▶ Extracted entries
......
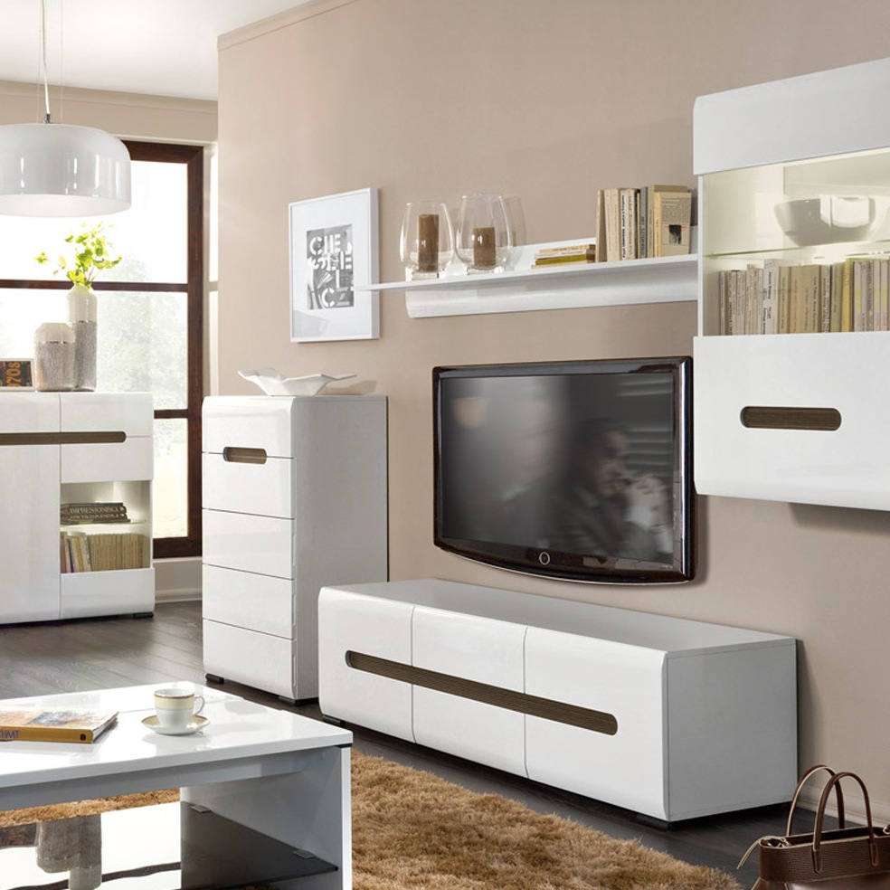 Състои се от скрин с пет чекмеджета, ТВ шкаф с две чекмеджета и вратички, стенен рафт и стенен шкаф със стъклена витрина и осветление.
......
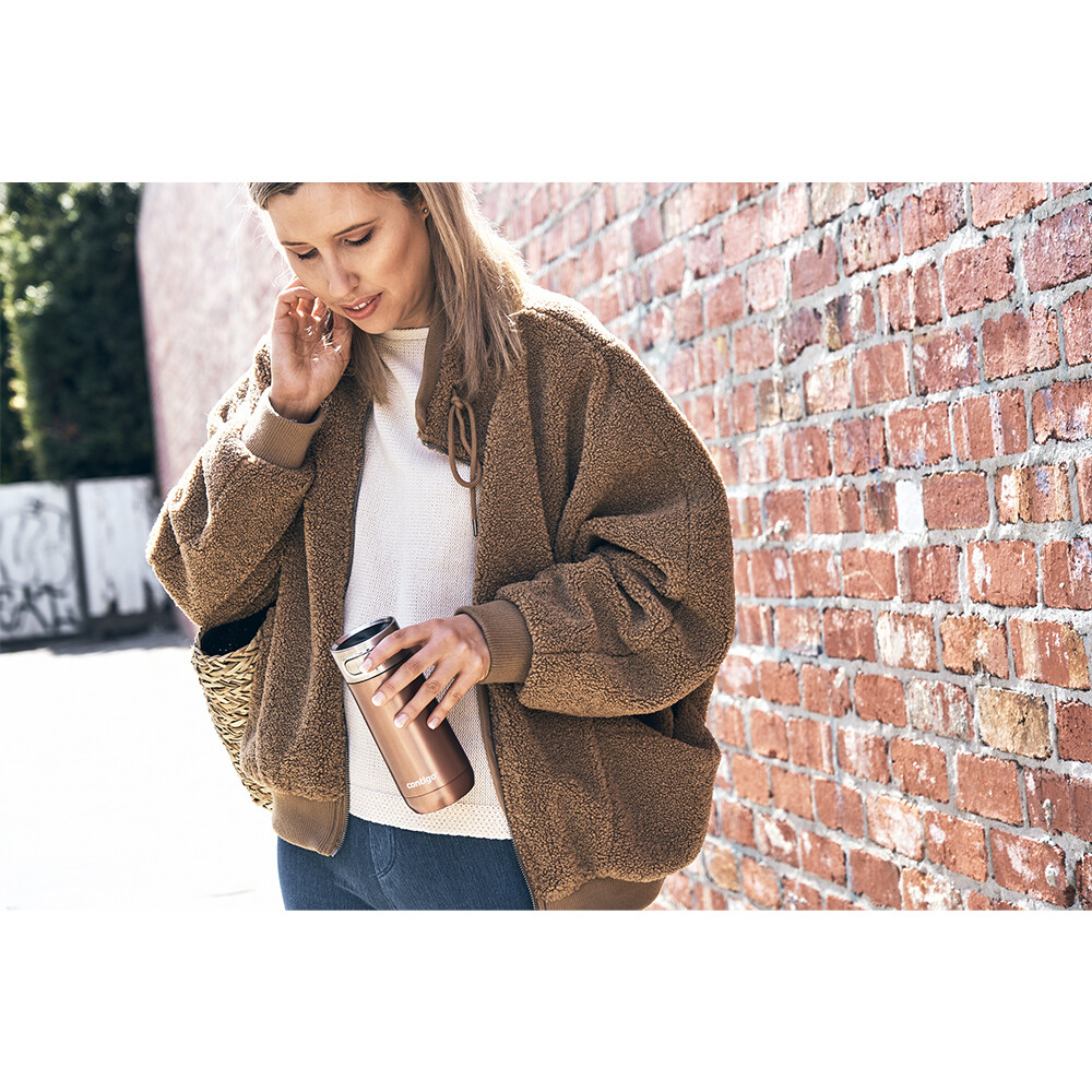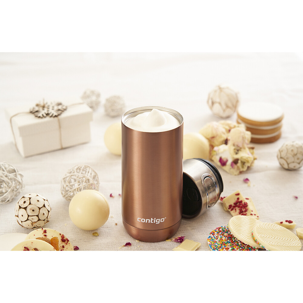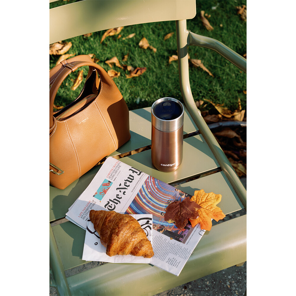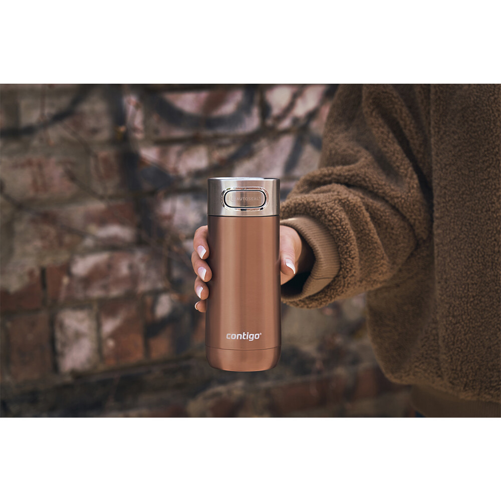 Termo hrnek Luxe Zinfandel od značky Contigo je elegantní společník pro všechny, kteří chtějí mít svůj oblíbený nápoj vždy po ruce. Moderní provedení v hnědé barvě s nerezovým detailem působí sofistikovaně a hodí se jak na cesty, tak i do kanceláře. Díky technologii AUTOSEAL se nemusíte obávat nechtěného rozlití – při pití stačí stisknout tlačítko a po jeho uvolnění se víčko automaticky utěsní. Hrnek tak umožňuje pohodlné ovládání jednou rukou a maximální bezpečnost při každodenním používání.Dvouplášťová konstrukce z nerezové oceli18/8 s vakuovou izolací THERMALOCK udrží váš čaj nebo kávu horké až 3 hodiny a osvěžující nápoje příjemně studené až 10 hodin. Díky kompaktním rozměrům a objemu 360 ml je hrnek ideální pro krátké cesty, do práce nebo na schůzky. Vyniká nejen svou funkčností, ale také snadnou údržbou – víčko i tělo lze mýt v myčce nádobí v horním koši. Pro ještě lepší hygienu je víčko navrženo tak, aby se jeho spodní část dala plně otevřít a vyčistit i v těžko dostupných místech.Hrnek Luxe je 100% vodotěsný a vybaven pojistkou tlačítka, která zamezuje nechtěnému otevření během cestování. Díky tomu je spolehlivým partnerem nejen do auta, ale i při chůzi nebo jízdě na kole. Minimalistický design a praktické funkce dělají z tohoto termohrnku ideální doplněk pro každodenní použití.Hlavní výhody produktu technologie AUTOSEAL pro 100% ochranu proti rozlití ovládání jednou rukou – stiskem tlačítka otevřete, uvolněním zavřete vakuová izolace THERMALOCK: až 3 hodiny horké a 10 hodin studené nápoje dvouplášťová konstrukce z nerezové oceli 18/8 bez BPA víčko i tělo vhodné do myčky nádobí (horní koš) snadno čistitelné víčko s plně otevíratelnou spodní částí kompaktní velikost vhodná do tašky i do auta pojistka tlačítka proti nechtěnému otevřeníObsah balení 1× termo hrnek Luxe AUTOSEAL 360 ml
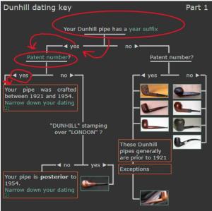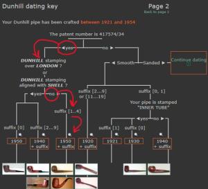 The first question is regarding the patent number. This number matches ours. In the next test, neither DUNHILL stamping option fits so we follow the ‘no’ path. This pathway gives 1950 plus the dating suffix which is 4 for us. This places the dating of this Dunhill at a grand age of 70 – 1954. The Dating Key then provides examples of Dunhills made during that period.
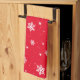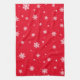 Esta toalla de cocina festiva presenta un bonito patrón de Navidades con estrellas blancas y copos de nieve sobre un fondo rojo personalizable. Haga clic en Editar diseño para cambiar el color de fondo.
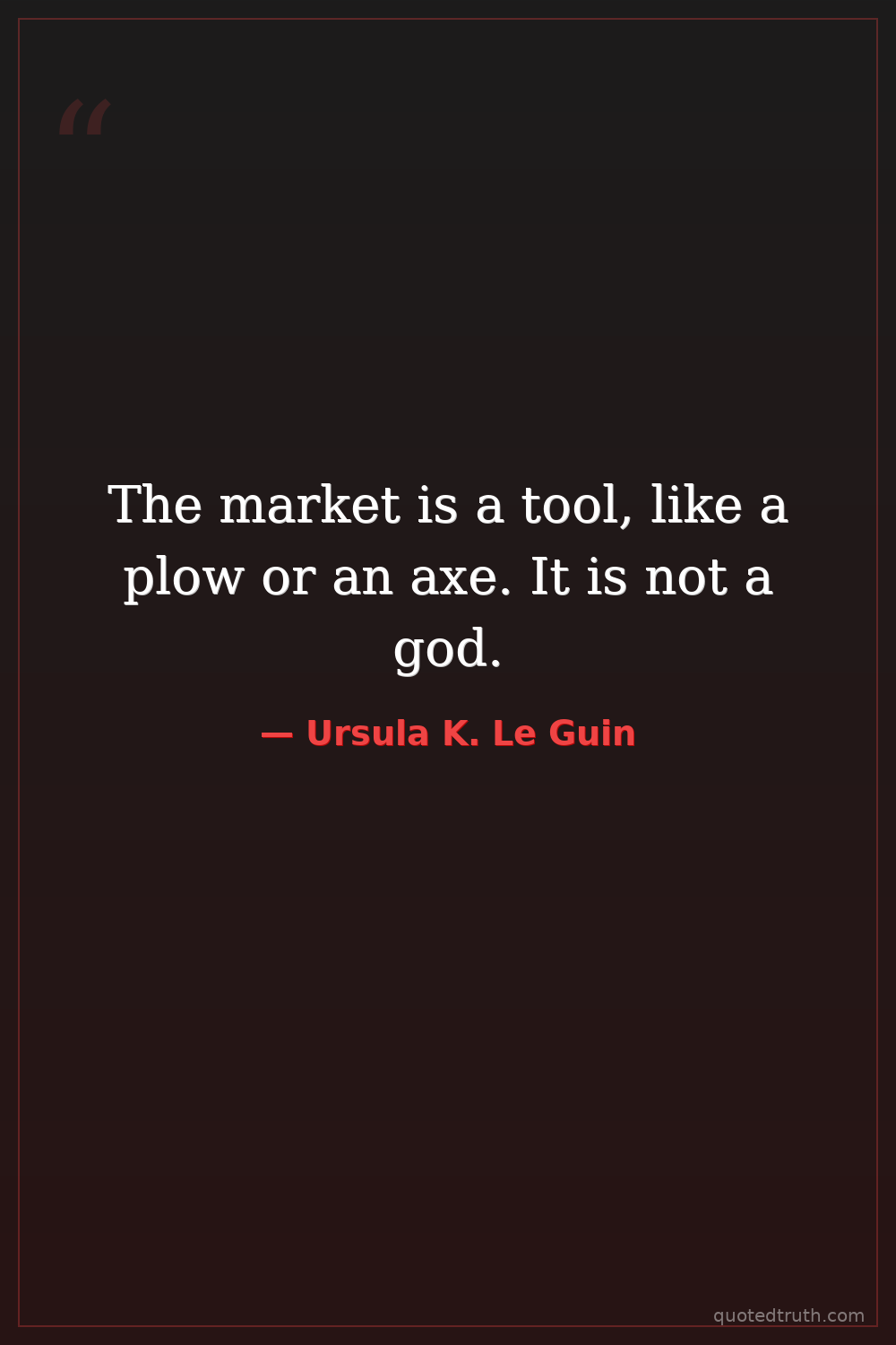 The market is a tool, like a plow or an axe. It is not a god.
......
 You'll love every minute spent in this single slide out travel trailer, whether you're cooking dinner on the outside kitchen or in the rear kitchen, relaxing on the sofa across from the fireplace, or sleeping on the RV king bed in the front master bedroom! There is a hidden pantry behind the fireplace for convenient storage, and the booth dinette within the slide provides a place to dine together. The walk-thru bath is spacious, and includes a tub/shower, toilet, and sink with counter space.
......
▶ Work instruction
Your copy should hold only the lines above from the one containing "The first question" through the one containing "The market is", exactly as written and free of pictures.

▶ Response area
 The first question is regarding the patent number. This number matches ours. In the next test, neither DUNHILL stamping option fits so we follow the ‘no’ path. This pathway gives 1950 plus the dating suffix which is 4 for us. This places the dating of this Dunhill at a grand age of 70 – 1954. The Dating Key then provides examples of Dunhills made during that period.
 Esta toalla de cocina festiva presenta un bonito patrón de Navidades con estrellas blancas y copos de nieve sobre un fondo rojo personalizable. Haga clic en Editar diseño para cambiar el color de fondo.
 The market is a tool, like a plow or an axe. It is not a god.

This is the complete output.